Date Published: January 30, 2014

Publisher: Public Library of Science

Author(s): Rym Ben-Othman, Andrew R. Flannery, Danilo C. Miguel, Diane M. Ward, Jerry Kaplan, Norma W. Andrews, Chinmay K. Mukhopadhyay.


Leishmania parasites infect macrophages, cells that play an important role in organismal iron homeostasis. By expressing ferroportin, a membrane protein specialized in iron export, macrophages release iron stored intracellularly into the circulation. Iron is essential for the intracellular replication of Leishmania, but how the parasites compete with the iron export function of their host cell is unknown. Here, we show that infection with Leishmania amazonensis inhibits ferroportin expression in macrophages. In a TLR4-dependent manner, infected macrophages upregulated transcription of hepcidin, a peptide hormone that triggers ferroportin degradation. Parasite replication was inhibited in hepcidin-deficient macrophages and in wild type macrophages overexpressing mutant ferroportin that is resistant to hepcidin-induced degradation. Conversely, intracellular growth was enhanced by exogenously added hepcidin, or by expression of dominant-negative ferroportin. Importantly, dominant-negative ferroportin and macrophages from flatiron mice, a mouse model for human type IV hereditary hemochromatosis, restored the infectivity of mutant parasite strains defective in iron acquisition. Thus, inhibition of ferroportin expression is a specific strategy used by L. amazonensis to inhibit iron export and promote their own intracellular growth.

Partial Text

Intracellular parasites must obtain essential nutrients from their host cells. Iron is a vital nutritional resource for mammalian hosts and also for many pathogens, acting as an essential cofactor of proteins and enzymes involved in metabolic pathways. Under physiological conditions, iron is normally found in the insoluble, oxidized Fe3+ form associated with carrier proteins such as transferrin and ferritin. After endocytosis mediated by transferrin receptors, Fe3+ is reduced to the soluble Fe2+ form and translocated to the cytosol. In the cytosol, iron may be utilized by the host, stored as complex with ferritin, or exported out of the cells. Thus, the pool of available iron within mammalian cells is determined by a carefully orchestrated balance between uptake through plasma membrane and endosomal receptors/transporters and cellular export.
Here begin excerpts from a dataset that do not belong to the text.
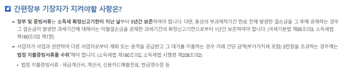 - 세금계산서, 계산서, 신용카드 매출전표, 현금영수증, 간이영수증, 원천징수영수증 등을 바탕으로 종합소득세 절세가 가능하기 때문에 사업 관련 지출에 대해 증빙자료를 꼭 수취
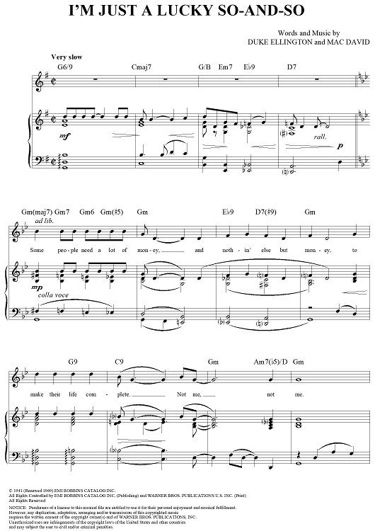 "I'm Just a Lucky So-And-So" Sheet Music by Duke Ellington
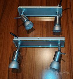 Vendo coppia di faretti da 2+2 luci orientabili, usata ma ottima qualità, con già montate 4 lampade, rifinitura frontale in vetro, molto belle, piastra lunghezza 25,2 cm, larghezza 5,2 cm, altezza massima con faretti dritti 14,7 cm, vendo a euro 20 consegna a mano o spedisco.
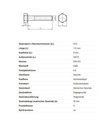Sechskantschraube m. Schaft, M12 x 110 mm Schlüsselweite 19, ...
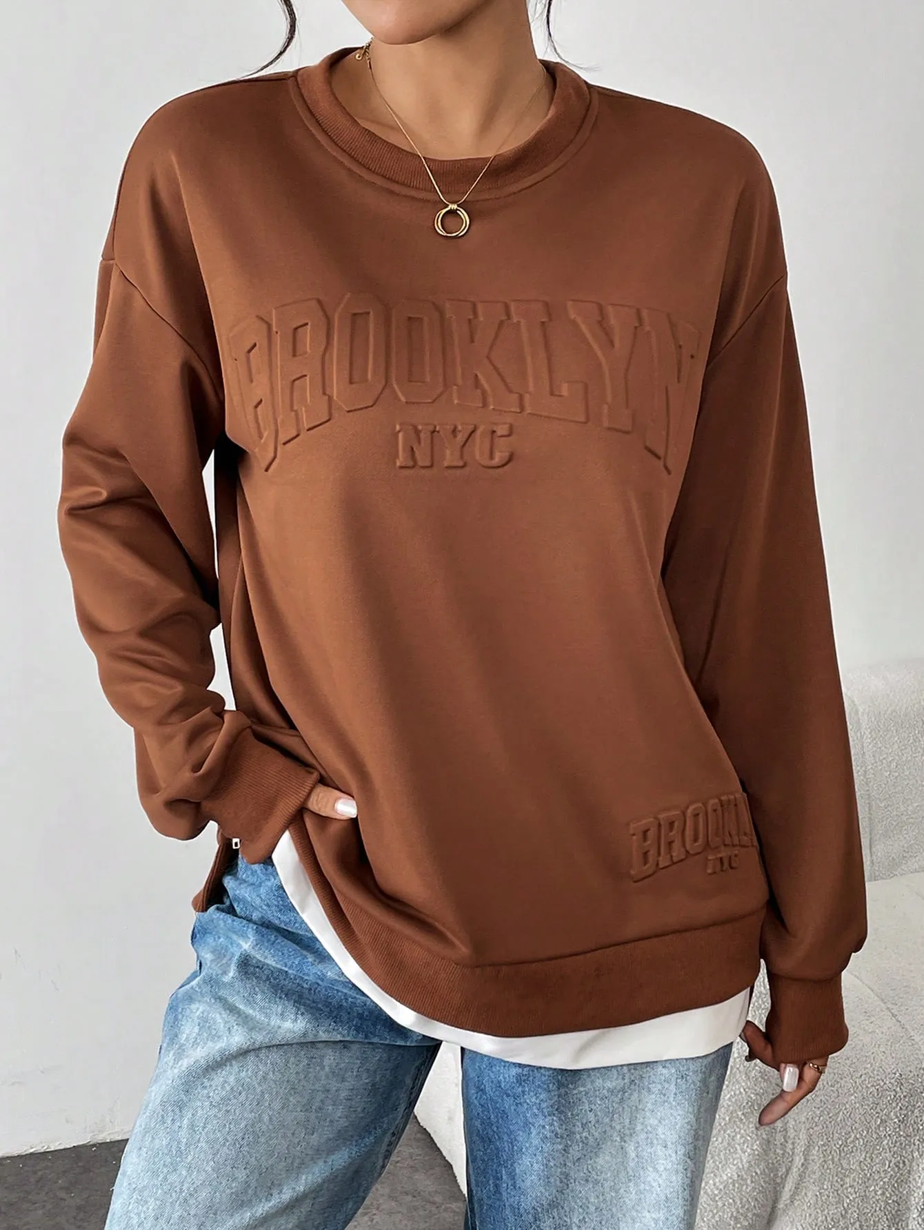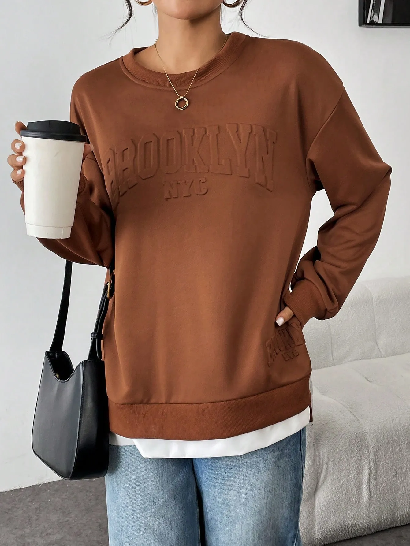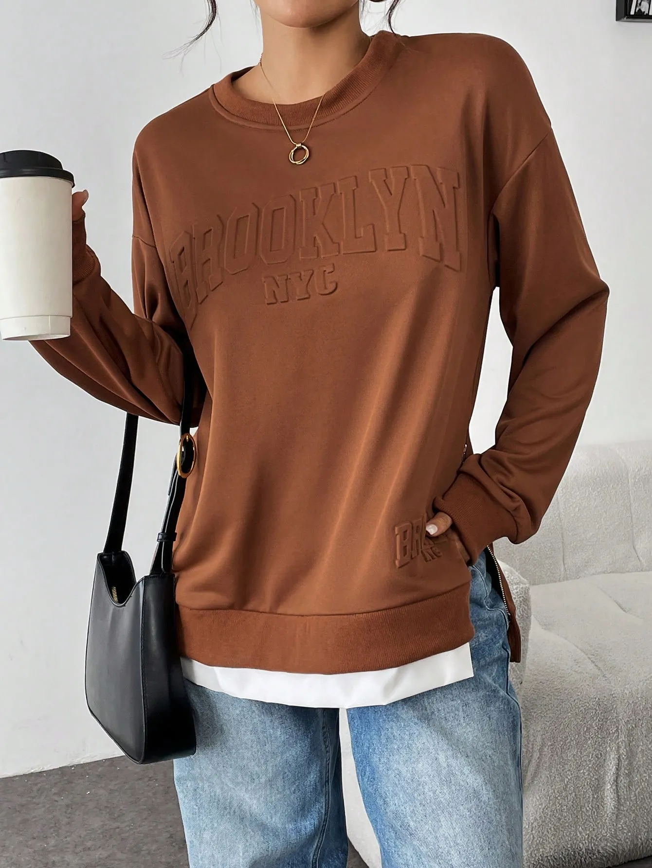 SMY Women’s Fashionable Casual Letter Embossed Hem Slit Zip Up Hoodie

Genes involved in iron acquisition play a critical role in pathogen virulence, as extensively demonstrated in bacteria [15] and more recently in the protozoan parasite Leishmania amazonensis[6], [7]. In mammals Leishmania is an obligate intracellular parasite of macrophages, replicating within PVs with properties of phagolysosomes. Utilization of the macrophage as host cell has important implications for how Leishmania gains access to iron. Macrophages from the reticuloendothelial system play a fundamental role in iron recycling in vivo, through the process of erythrophagocytosis. Heme released from phagocytosed senescent red blood cells is translocated to the macrophage cytosol, where iron is extracted through the activity of heme oxygenase. Cytosolic iron is then utilized by the cell, stored as a complex with ferritin, or exported by Fpn1 [1]. In this study we showed that L. amazonensis directly interferes with the iron export function of macrophages, by inhibiting cell surface expression of Fpn1. This Leishmania-driven process is associated with increased total macrophage iron content and stimulation of parasite intracellular replication (Figure 9).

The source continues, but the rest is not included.